Hi, im new to ruby. It is smiliar to perl. Can anyone convert this
script to ruby?
#!/usr/bin/perl
my $data = '0123456789abcdefghijklmnopqrstuvwxyz';
my @list = split //, $data;
for my $i (@list) {
for my $j (@list) {
for my $k (@list) {
for my $l (@list) {
print "$i $j $k $l\n";
}
}
}
}
data='0123456789abcdefghijklmnopqrstuvwxyz'
list=data.split("")
list.each do |i|
list.each do |j|
list.each do |k|
list.each do |l|
puts "#{i} #{j} #{k} #{l} "
end
end
end
end
Logically equivalent on 1.8.7, but _don't_do_it_ (far too slow)...

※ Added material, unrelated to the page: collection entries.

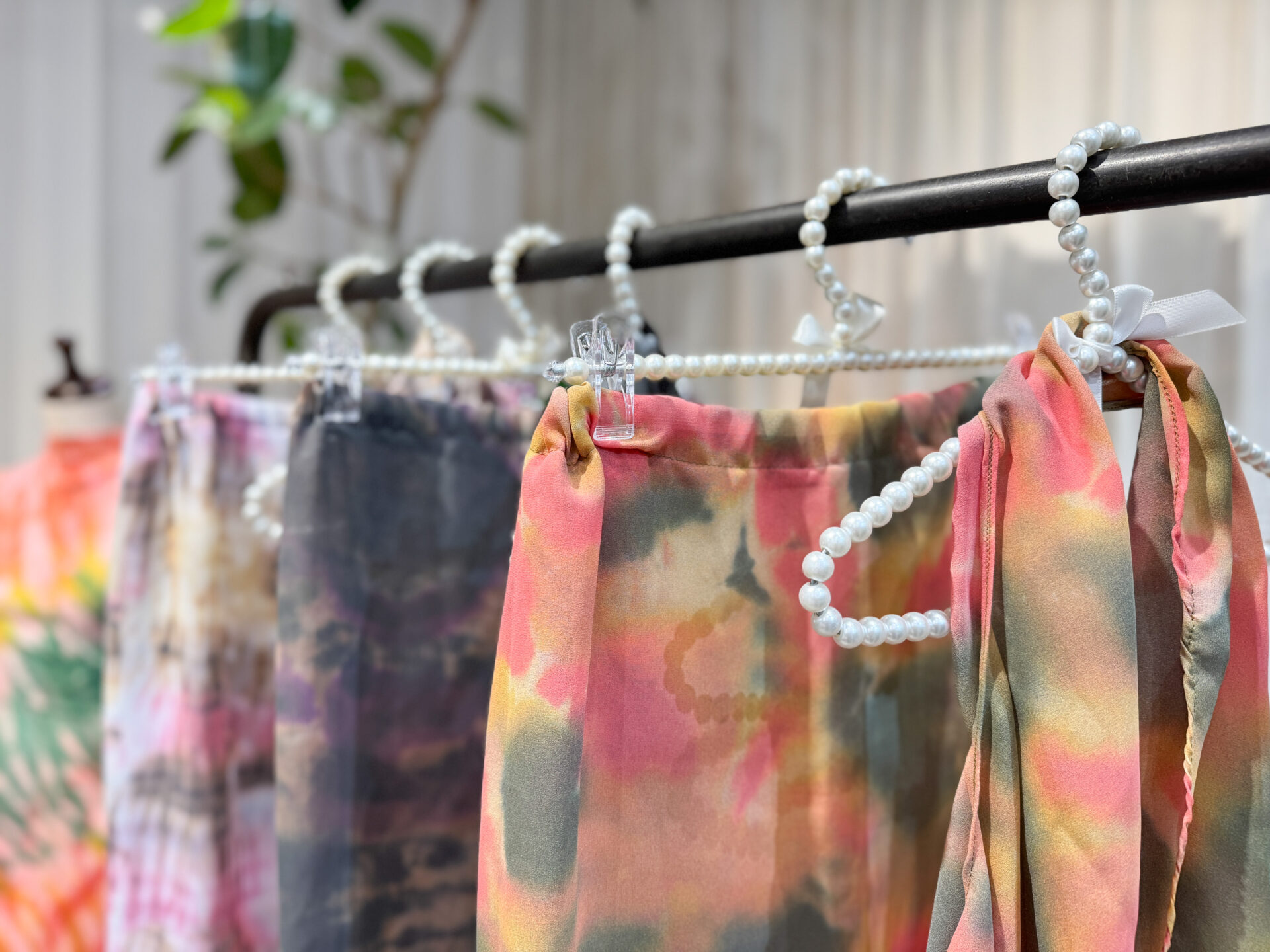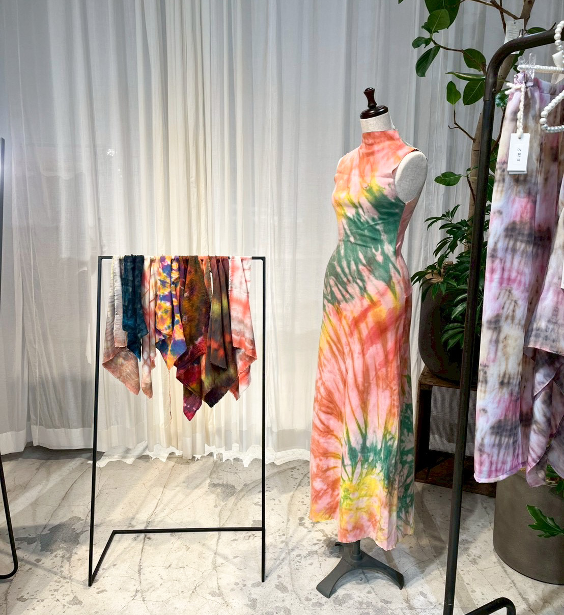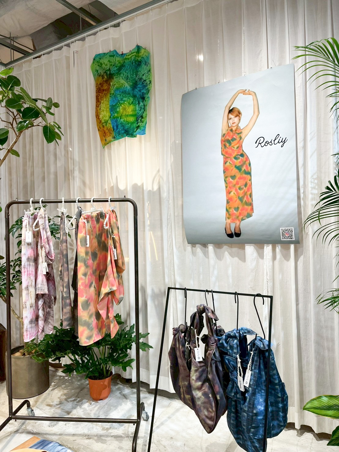 rosliy (ロザリー)は、、文化服装学院ファッションテキスタイル科の清水さんが手がけるブランドで、手染めやデジタルプリント、捺染プリントなど、多彩な技法から生まれるオリジナルテキスタイルをもとに、服や小物を制作されています。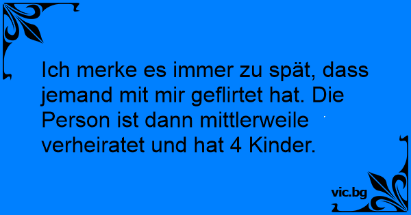Ich merke es immer zu spät, dass jemand mit mir geflirtet hat. Die Person ist dann mittlerweile verheiratet und hat 4 Kinder.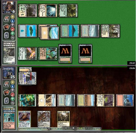 I felt pretty vindicated in the following game after a rough start during which two of my of my lands were blown up and my opponent beat me down to single digits life. I had to let attackers through rather than sacrifice my chance at a lethal dual attack.

s = "0123456789abcdefghijklmnopqrstuvwxyz"
b = ""
(s * 4).split(//).combination(4) {|group| b << group.join << "\n"}
...If just printing you could just use "p group.join", or "puts
group". I find it interesting that it is about 5x slower than the
code quoted above on my machine. I suppose it has to do with extra
method calls inside the block, since it is almost on par if you don't
do anything inside the block Having b as an array without the
join or "\n" basically halts my machine (10 seconds to recognize the
ctrl-c interrupt).
Todd
···
On Thu, Dec 11, 2008 at 7:22 AM, DanDiebolt.exe <dandiebolt@yahoo.com> wrote:
... convert this script to ruby ...
data='0123456789abcdefghijklmnopqrstuvwxyz'
list=data.split("")
list.each do |i|
list.each do |j|
list.each do |k|
list.each do |l|
puts "#{i} #{j} #{k} #{l} "
end
end
end
end
STRING_LEN = 4 # length of each string to output
BASE = 36 # number of symbols in data string
(0..BASE ** STRING_LEN - 1).each do |i|
puts i.to_s(BASE).rjust(STRING_LEN, '0')
end
Here this runs ~the same speed as the nested loops solution. This won't
work for BASE > 36 however.
···
On Thu, 11 Dec 2008 21:44:31 -0500, Todd Benson wrote:
data='0123456789abcdefghijklmnopqrstuvwxyz'
list=data.split("")
list.each do |i|
list.each do |j|
list.each do |k|
list.each do |l|
puts "#{i} #{j} #{k} #{l} "
end
end
end
end
Logically equivalent on 1.8.7, but _don't_do_it_ (far too slow)...
s = "0123456789abcdefghijklmnopqrstuvwxyz"
b = ""
(s * 4).split(//).combination(4) {|group| b << group.join << "\n"}